BEGIN SOURCE DATA
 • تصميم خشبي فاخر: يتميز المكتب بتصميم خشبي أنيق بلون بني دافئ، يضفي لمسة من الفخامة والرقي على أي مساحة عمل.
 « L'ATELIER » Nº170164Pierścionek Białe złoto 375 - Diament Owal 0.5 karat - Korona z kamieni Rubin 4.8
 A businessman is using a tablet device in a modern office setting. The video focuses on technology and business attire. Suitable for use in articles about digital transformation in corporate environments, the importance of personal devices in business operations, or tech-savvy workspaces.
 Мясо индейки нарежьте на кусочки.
END SOURCE DATA
BEGIN SOURCE DATA
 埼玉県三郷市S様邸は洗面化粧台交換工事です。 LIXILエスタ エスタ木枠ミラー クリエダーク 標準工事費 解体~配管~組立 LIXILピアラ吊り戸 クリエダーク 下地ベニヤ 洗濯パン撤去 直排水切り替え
END SOURCE DATA
WHAT YOU HAVE TO DO => In your answer, include only the lines above starting at the line that holds "أي مساحة عمل." and ending at the line that holds "Мясо индейки нарежьте на кусочки.", copied exactly.

YOUR SOLUTION =>
 • تصميم خشبي فاخر: يتميز المكتب بتصميم خشبي أنيق بلون بني دافئ، يضفي لمسة من الفخامة والرقي على أي مساحة عمل.
 « L'ATELIER » Nº170164Pierścionek Białe złoto 375 - Diament Owal 0.5 karat - Korona z kamieni Rubin 4.8
 A businessman is using a tablet device in a modern office setting. The video focuses on technology and business attire. Suitable for use in articles about digital transformation in corporate environments, the importance of personal devices in business operations, or tech-savvy workspaces.
 Мясо индейки нарежьте на кусочки.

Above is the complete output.